Challenging Atypical Findings in Two Patients Diagnosed as mut by Somatic Cell Complementation Analysis and Studied with a Novel NGS Panel
1. Department of Human Genetics, McGill University, Montreal, Quebec, Canada; 2. Department of Molecular and Human Genetics, Baylor College of Medicine, Houston, Texas, United States
Methylmalonyl-CoA mutase is an adenosylcobalamin-dependent enzyme that catalyzes the isomerization of L-methylmalonyl-CoA to succinyl-CoA. Patients with classical methylmalonic aciduria, denoted as the mut complementation class, are characterized by biallelic mutations in the MUT gene coding for methylmalonyl-CoA mutase. Presented here are two patients diagnosed as mut by somatic cell complementation analysis that have been studied using a novel next-generation sequencing panel developed at the Baylor College of Medicine comprising MUT and 23 other genes that have known associations with methylmalonic aciduria. This panel has an average coverage depth of 500-1000X and is capable of detecting protein coding and splicing mutations, in addition to intragenic deletions.
In the first patient no mutations in MUT or any other gene on the NGS panel were detected. The second patient had heterozygous mutations in both the MUT (c.682C>T) and MCEE (c.428G>A) genes. MCEE codes for methylmalonyl-CoA epimerase, a protein responsible for catalyzing the conversion of D- to L-methylmalonyl-CoA. These findings were surprising considering that fibroblasts from both patients exhibited a clear inability to complement with mut fibroblasts, while complementing with cblA and cblB fibroblasts. Incorporation of label from [14C] propionate into TCA-precipitable cellular macromolecules is a measure of methylmalonyl-CoA mutase function and was considerably low for both patients at 0.4 and 0.6nmol/mg protein/18h (reference [mean ± SD]: 13.1 ± 4.1, n=217; mut patients: 0.9 ± 0.7 n=187).

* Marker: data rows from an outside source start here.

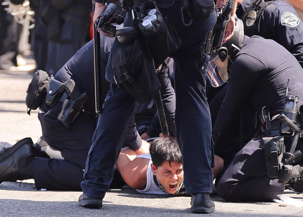 6月8日,在美国加利福尼亚州洛杉矶市中心的联邦执法机构门前,一名抗议者被警察控制。新华社发(邱晨摄)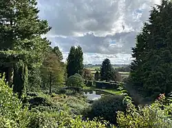 The garden occupies 12 acres, and is separated into two equal-sized sections, with the tearoom, pavilion, and quarry garden entrance dividing separating the two sections.[4][6] The layout of the garden was designed by Colonel Clive to be a gentle walk throughout, due to his wife, Dorothy, ailing, as he intended for it to be a therapeutic garden for her.[5]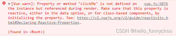 属性或方法clickMe并没有在vue中定义,所以无法在页面中使用。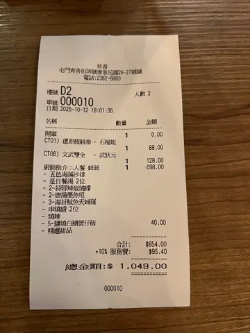 最近跟另一半庆祝纪念日,选了屯门秋香,这家日式居酒屋装潢简约日风,木质桌椅配柔和灯光,氛围温馨适合情侣和朋友聚会。我们点了「厨师推介二人餐」($698),整体丰盛新鲜,性价比高,值得推荐!套餐的开始是是日餐汤和日式开胃菜,是日餐汤是日式面豉汤非常暖胃。接著日式开胃菜,包括五色海藻,脆脆清新,配酸甜酱汁解腻。秘制蛋黄酱烧蚝是亮点,蚝子肥美,外脆内嫩,蛋黄酱很香浓,蚝汁爆汁超满足。炸物拼盘选了鸡皮饺子和盐酥鸡。鸡皮饺子酥脆油香,内馅鸡肉蔬菜;盐酥鸡金黄椒盐风味,热腾腾不腻,适合配饮料。我们点了招牌Cocktail「含笑半步钉 - 唐伯虎」(蜂蜜川贝桔梗琴酒,$98),味道独特,蜂蜜甜中带中药香,琴酒顺口不烈,喝起来像在看周星驰电影般有趣!另一杯是无酒精的「金橘柠檬青柠梳打」($38),清爽酸甜,气泡解渴,完美配炸物。串烧盛:牛肋骨软嫩多汁;日本黑豚肉肥瘦适中;菠萝甜酸解腻;采葱烟肉卷烟熏浓郁;鱿鱼串辣烧弹牙微辣。整体炭香新鲜,调味均衡。盐烧白鳝煲仔饭底层有饭焦,非常香脆,鳝片厚厚的,盐烧突出原味,拌匀香气四溢,两人分饱足。精选甜品:朱古力蛋糕朱古力味很浓郁不甜腻,圆满收尾。整体来说,秋香服务非常亲切,上菜快,环境干净,下次要带同家人再来尝尝其他食物!…查看更多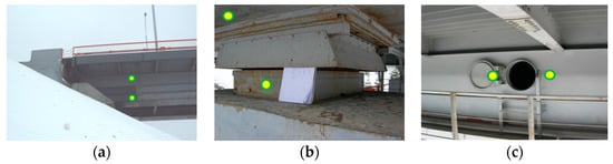 Zone I: In the area of the expansion joint near the shore support (Figure 5a), sensors were installed inside the beam structure near the bolted joints. The distance between the sensor and the expansion joint is 5 m. Zone II: In the area of attachment of the beam and the support (Figure 5b), AE sensors were installed on the lower girder and on the support. Zone III: In area of the exit hatch section of the box beam (Figure 5c), AE sensors were installed inside the beam structure at a distance of 3 m from each other symmetrically with respect to the hatch.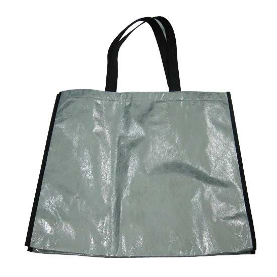Displayed is a shopping bag made of high-quality non-woven material. The dual-color bag comes with exquisite metallic lamination for a unique appearance. The sturdy construction guarantees long-term servicing.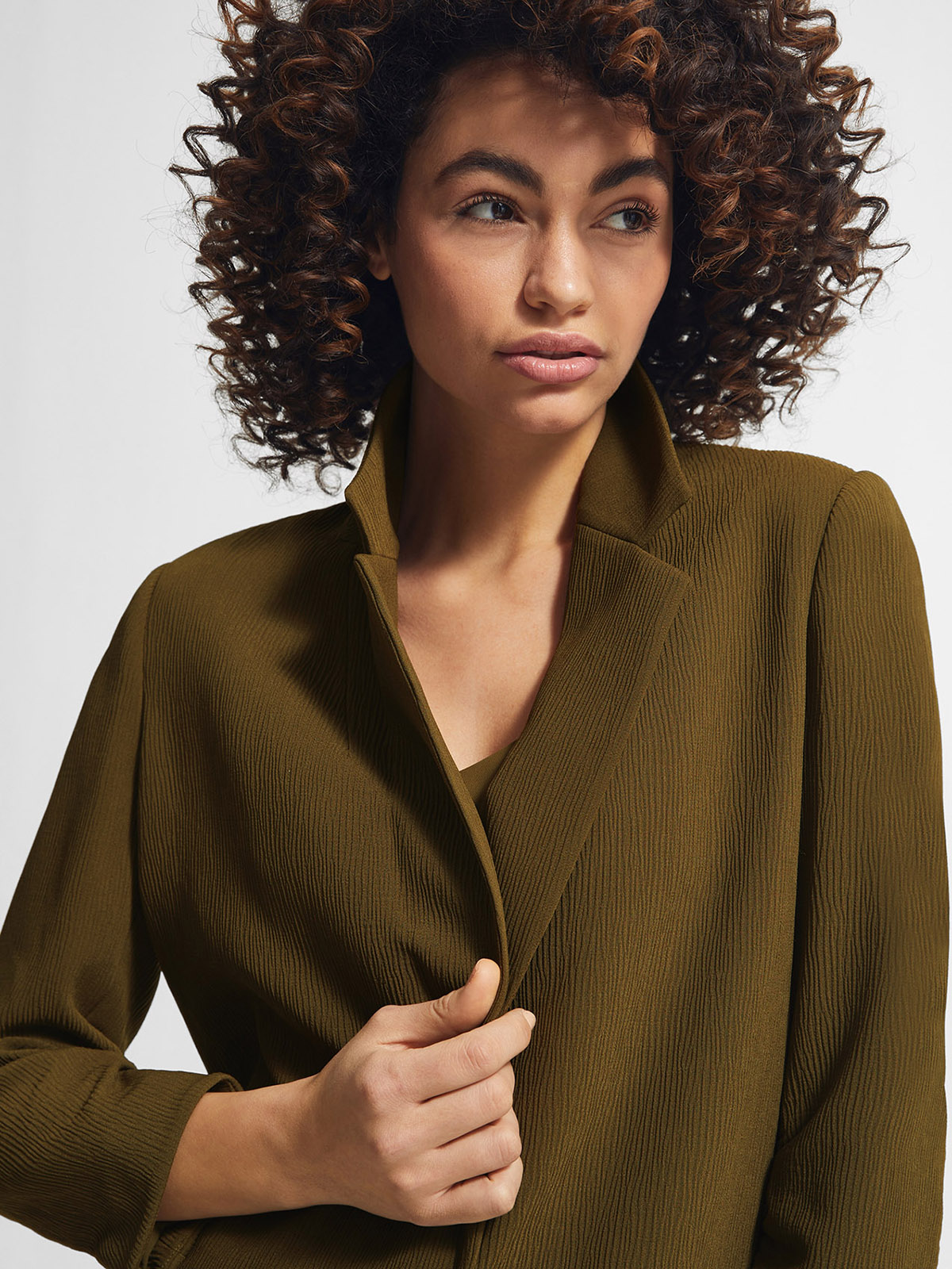 Блейзер прямого кроя на одной пуговице. Отложной английский воротник с лацканами.Врезные карманы с листочкой.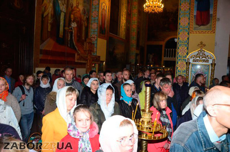 В ночь с 30 апреля на 1 мая в Запорожье проходило Пасхальное богослужение. В Свято-Покровском соборе собралось несколько сотен горожан. Об этом сообщает корреспондент сайта "ZаБор".

Considering the high reliability of somatic cell complementation analysis in diagnosing inborn errors of cobalamin metabolism, it is suspected that regulatory or deep intronic mutations could be causative of the mut phenotype in some patients in whom no mutations are found on the NGS panel. Transfection of the wild-type MUT gene into cultured cells from these patients and sequence analysis of the entire genomic region of MUT will be used to look for this possibility. The patient with heterozygous mutations in MUT and MCEE presents a potential model of digenic inheritance, a phenomenon that has recently been suggested in a patient with cobalamin deficiency and heterozygous mutations in MTR and LMBRD1. Alternatively, the patient with no coding mutations in MUT might have mutations in unexpected genes controlling the regulation, modification, or localization of MUT as has recently been shown for HCFC1 and MMACHC.